L’italiano non si parla, si canta. Sarà per questo che la musica lirica parla italiano. Con dolcezza. Andante. Allegro con brio. Non saprei immaginare un acuto di Pavarotti senza l’impeto. O la melodia di Dante senza la divina Beatrice. Oppure un crescendo della Ferrari senza il rombo. La lingua italiana accelera sempre. Fa le curve su due ruote, ché su quattro sarebbe troppo semplice per i suoi creativi guidatori e suonatori. Sorpassa con le doppie, autentico tormento per chi non è nato nella patria delle mamme, appunto con due emme.

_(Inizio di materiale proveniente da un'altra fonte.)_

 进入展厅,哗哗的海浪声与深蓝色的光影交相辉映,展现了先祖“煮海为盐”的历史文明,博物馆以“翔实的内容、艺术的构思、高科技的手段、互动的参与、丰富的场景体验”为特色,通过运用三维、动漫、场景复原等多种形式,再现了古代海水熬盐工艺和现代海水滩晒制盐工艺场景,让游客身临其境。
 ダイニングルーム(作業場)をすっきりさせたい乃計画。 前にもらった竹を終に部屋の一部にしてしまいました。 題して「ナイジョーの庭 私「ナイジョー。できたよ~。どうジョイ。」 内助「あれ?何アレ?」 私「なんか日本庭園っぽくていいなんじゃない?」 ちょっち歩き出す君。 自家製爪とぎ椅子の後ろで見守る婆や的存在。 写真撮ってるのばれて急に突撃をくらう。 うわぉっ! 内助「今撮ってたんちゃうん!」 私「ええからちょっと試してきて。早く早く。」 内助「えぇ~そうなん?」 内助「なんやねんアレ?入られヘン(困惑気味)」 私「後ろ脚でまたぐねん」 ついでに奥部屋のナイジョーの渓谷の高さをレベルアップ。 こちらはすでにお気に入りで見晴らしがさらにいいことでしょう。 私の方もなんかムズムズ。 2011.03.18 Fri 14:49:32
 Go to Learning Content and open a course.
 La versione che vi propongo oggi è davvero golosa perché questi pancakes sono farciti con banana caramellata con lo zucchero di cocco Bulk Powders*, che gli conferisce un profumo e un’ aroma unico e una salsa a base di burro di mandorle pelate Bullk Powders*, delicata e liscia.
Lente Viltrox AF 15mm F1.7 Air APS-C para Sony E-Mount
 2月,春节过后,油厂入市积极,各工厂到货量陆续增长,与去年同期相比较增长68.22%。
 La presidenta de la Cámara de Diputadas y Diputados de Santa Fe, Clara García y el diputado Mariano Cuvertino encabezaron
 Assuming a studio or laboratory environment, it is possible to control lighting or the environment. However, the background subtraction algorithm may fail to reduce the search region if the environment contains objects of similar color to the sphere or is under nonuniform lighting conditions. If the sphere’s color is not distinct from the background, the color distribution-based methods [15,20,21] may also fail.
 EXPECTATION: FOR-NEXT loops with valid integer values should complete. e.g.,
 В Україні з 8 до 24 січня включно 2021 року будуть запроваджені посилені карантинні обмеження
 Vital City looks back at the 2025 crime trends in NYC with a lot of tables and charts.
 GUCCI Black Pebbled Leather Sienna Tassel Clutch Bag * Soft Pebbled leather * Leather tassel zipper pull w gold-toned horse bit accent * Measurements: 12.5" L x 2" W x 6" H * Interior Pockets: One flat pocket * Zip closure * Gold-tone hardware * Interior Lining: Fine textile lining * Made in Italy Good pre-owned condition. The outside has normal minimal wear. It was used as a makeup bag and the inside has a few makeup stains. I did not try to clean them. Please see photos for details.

Come “soprattutto”, la madre di tutti i tormenti.
Se dovessi scegliere un elemento per descriverla, la lingua, sceglierei il fuoco. Non l’acqua, che evoca mansuetudine, mentre l’italiano incita alla passione. Non l’aria, che offre solo respiro: la lingua del sì soffia invece lontano come il vento. Non la terra, perché l’italiano è lingua dell’universo. Tant’è che ha lasciato ai dialetti la consolazione del campanile. Ma comunque la terra proprio no, perché l’italiano non è un fiore al quale occorra un posto per crescere, ma è il profumo di quel fiore. Perciò si può sentire ovunque come un concerto che si propaga senza confini. Non è forse “Volare” la canzone italiana più conosciuta oltre l’Italia, canzone che peraltro si chiama come nessuno infatti la chiama, “Nel blu dipinto di blu”?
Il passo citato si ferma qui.